İlk derece mahkemesi, başvuran adayların birlikte değerlendirilmesi sonucunda belirlenen beş jüri üyesinin diğer aday hakkında beş olumlu oy verdiği ve yapılan puanlama sistemine göre diğer adayın daha yüksek puan aldığı görüldüğünden dava konusu işlemde herhangi bir hukuka aykırılık olmadığı kanaatine varıldığı gerekçesi davayı reddetmiştir.
Danıştay Sekizinci Dairesi ise Üniversitelerarası Kurul Başkanlığı tarafından belirlenen Temel Alanlar dikkate alındığında belirlen beş jüri üyesinden üçünün alanının Sağlık Bilimleri, diğer ikisinin ise kadronun ilan edildiği Sağlık Yönetimi bölümünün yer aldığı Sosyal Beşeri ve İdari Bilimler temel alanı olduğu, bu haliyle üç jüri üyesinin alan dışından belirlendiği ifade edilmiştir.
Bununla birlikte, bir jüri üyesinin atanan adayla birlikte bir çok ortak makale ve kitap çalışması yaptığı, yapılan bu ortak çalışma ve yayınların kadroya atanan kişi tarafından atama için oluşturulan jürinin değerlendirmesine sunması hususunun jürinin tarafsızlık ilkesini zedelediğini belirtmiştir.

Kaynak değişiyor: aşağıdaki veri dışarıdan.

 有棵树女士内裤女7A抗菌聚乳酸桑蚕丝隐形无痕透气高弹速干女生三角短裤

Bu nedenle; üç jüri üyesinin bilim alanlarının ilan edilen profesörlük kadrosunun bilim alanıyla ilgili olmaması ve bir jüri üyesinin atanan kişi ile ortak yayınları olduğu tespit edildiğinden, oluşturulan jüri tarafından yapılan değerlendirmenin hukuken kabul edilebilir objektif bir değerlendirme olduğunun söylenemeyeceği ve kadroya başvuran adayların bilimsel yeterliklerinin tespitinin bilim alanına uygun olarak objektif bir jüri incelemesi gerektirdiğinden dava konusu işlemin İPTALİNE karar verilmiştir.
T.C.
D A N I Ş T A Y
SEKİZİNCİ DAİRE
Esas No : 2020/3171
Karar No : 2022/2332
Kararın Düzeltilmesi İsteminde Bulunan (Davacı): ...

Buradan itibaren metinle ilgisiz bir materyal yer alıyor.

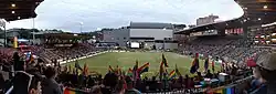 The large crowds attended despite Timbers front office expectations of 7,000 fans per match and little promotion before the team's launch.[104] The front office initially expected to play regular-season matches at Merlo Field of the University of Portland, which had a capacity of less than 5,000, but the Thorns sold more than that number in season tickets before the league's launch and expected to reach 10,000 season tickets sold by 2014. A majority of those season ticket holders did not have season tickets to the sibling Timbers club.[105] The immediate and sustained strength of support prompted other women's clubs to try to replicate the Thorns' success,[106][104] including formal studies of the role of organized support in women's soccer that focused on the Riveters.[107][108][109]
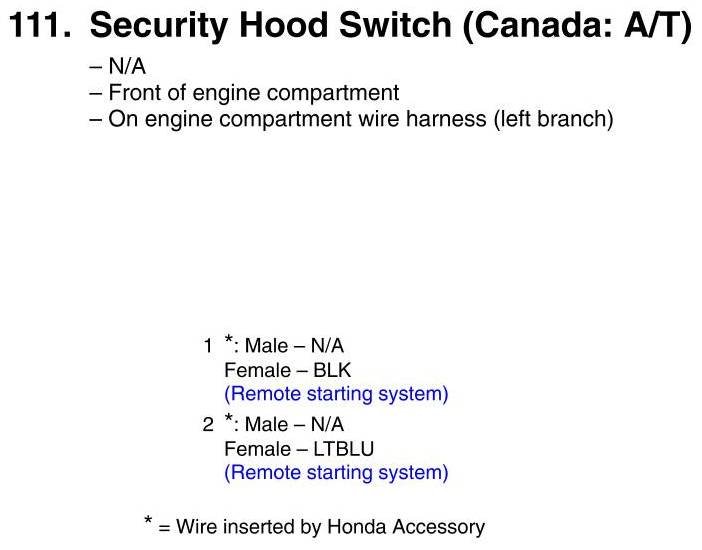 View 111 - Security Hood Switch Connector View (Canada: A/T)

Karşı Taraf (Davalı) : ...Üniversitesi
Vekili : Av. ...
İstemin Özeti : Danıştay Sekizinci Dairesinin 05/12/2019 tarih ve E:2015/3973, K:2019/11337 sayılı kararının hukuka aykırı olduğu öne sürülerek, 2577 sayılı İdari Yargılama Usulü Kanununun 54. maddesi uyarınca düzeltilmesi istenilmektedir.
Savunmanın Özeti : İstemin reddi gerektiği savunulmaktadır.

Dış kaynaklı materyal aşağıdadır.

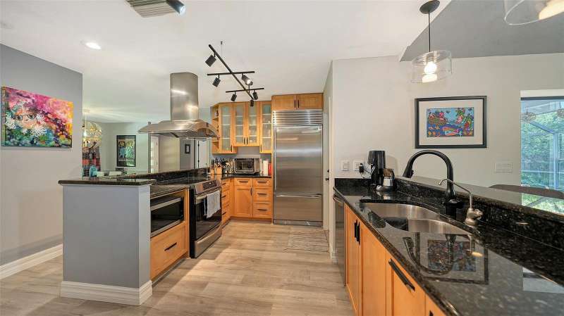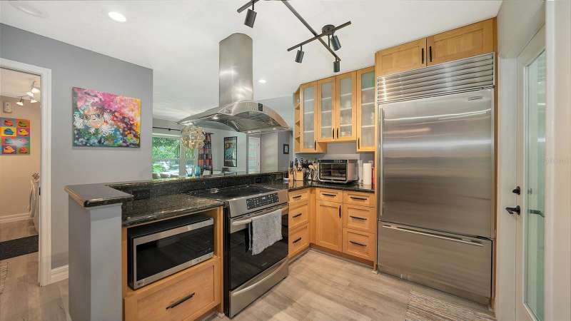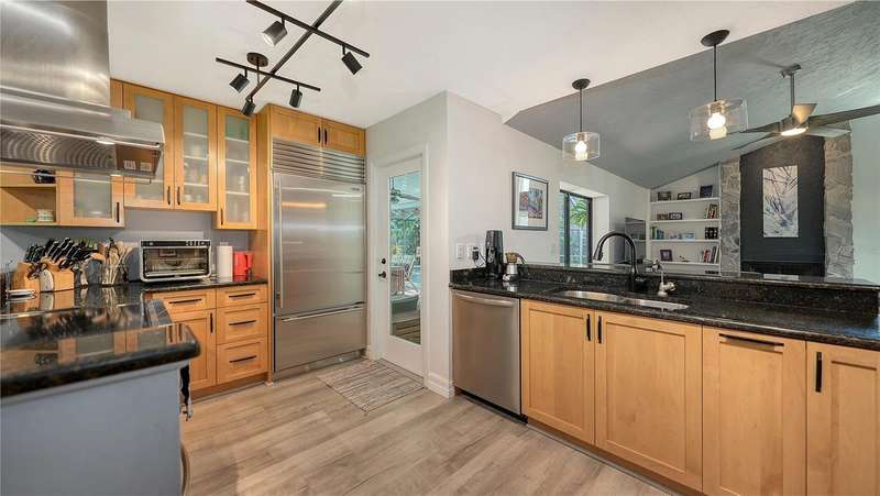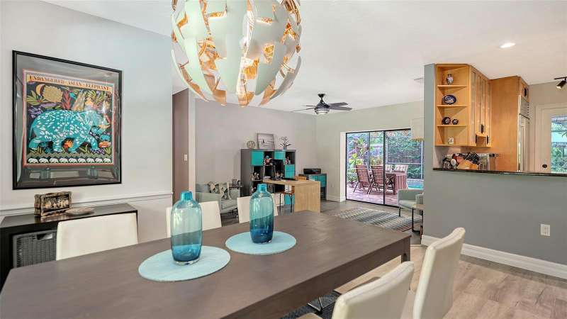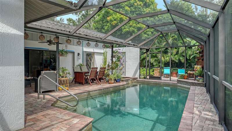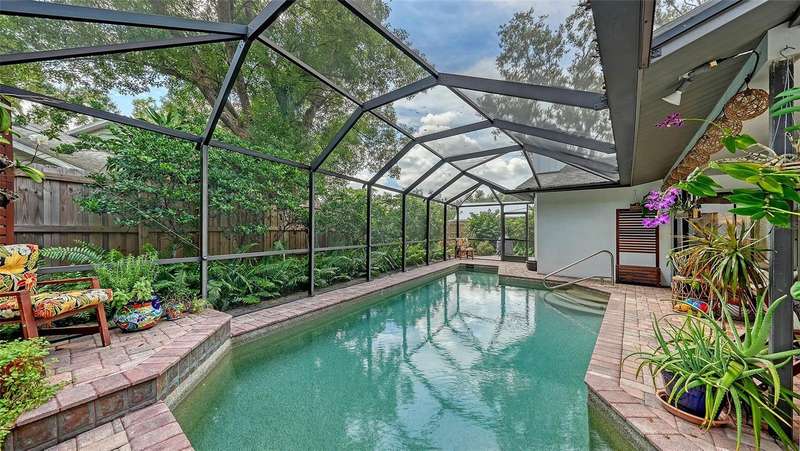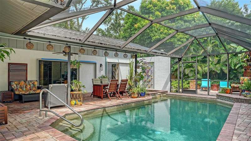 Welcome to this beautifully updated 3-bedroom, 2-bath home tucked away on a quiet canopy cul-de-sac, offering privacy while still being centrally located near all that Sarasota has to offer, including world-renowned Siesta Key Beach. Thoughtfully renovated inside and out, this home blends comfort, style, and peace of mind with an impressive list of upgrades. A lushly landscaped entry leads into a bright, open living space filled with natural light from new PGT impact hurricane windows installed in 2019. At the heart of the home is the renovated kitchen, featuring a Sub-Zero refrigerator/freezer, an induction cooktop with convection and air-fry oven, dishwasher, generous cabinetry, upgraded finishes, and a cozy built-in banquette perfect for casual in-kitchen dining. The split plan offers a spacious primary suite retreat, while two additional bedrooms provide flexibility for guests, family, or a home office. Both bathrooms were completely remodeled in 2019 with new tile, fixtures, lighting, cabinets, glass doors, and modern finishes. In 2022, the main living areas received Coretec ProPlus luxury vinyl plank flooring with new wood baseboards, creating a sleek and cohesive look throughout the home. Step outside to your own tropical oasis with a screened lanai, a sparkling pool, and spa with a Pebblecrete surface, and a Hayward pool heater with remote automation installed in 2020. The backyard is framed by a new wood privacy fence with dual gates, enhanced by a professionally designed and installed automated landscape lighting system that highlights the lush gardens both day and night. The exterior has been further strengthened with hurricane-rated exterior doors added in 2021 and a new hurricane-rated garage door with belt-driven opener and digital keypad in 2023. This home has been consistently maintained and upgraded for both beauty and function. A new roof was installed in 2016, while the HVAC system was replaced in 2014 and has been under a biannual service contract since 2019. A Rheem hybrid electric water heater with WiFi capability was added in 2023, and the property also includes a Culligan water softener and osmosis drinking water system installed in 2020. Additional features include washer and dryer purchased in 2018, a four-zone WiFi-enabled irrigation system, and termite stations with continuous treatment under contract since 2018. With a spacious two-car garage for vehicles, storage, or hobbies, and a backyard oasis designed for relaxation and entertaining, this home offers comfort inside and out. Violet Avenue itself is a quiet, well-established street with only a handful of single-family homes with canopy trees adding to the curb appeal. The location is unmatched—close to top-rated schools, shopping, dining, and parks, while Downtown Sarasota, University Town Center, St. Armands Circle, and the Gulf beaches of Siesta and Lido Key are only minutes away. This home delivers the perfect blend of lifestyle, thoughtful upgrades, and convenience in one of Sarasota’s most desirable settings. Schedule your private showing today.

Danıştay Tetkik Hakimi : ...
Düşüncesi : Karar düzeltme isteminin kabulü ve mahkeme kararının bozulması gerektiği düşünülmektedir.
TÜRK MİLLETİ ADINA
Hüküm veren Danıştay Sekizinci Dairesince işin gereği görüşüldü:
Kararın düzeltilmesi istemine ilişkin dilekçede öne sürülen düzeltme nedenleri 2577 sayılı İdari Yargılama Usulü Kanununun 54. maddesine uygun bulunduğundan düzeltme isteminin kabulü ile Danıştay Sekizinci Dairesinin 05/12/2019 tarih ve E:2015/3973, K:2019/11337 sayılı kararı kaldırılarak işin esası yeniden incelendi.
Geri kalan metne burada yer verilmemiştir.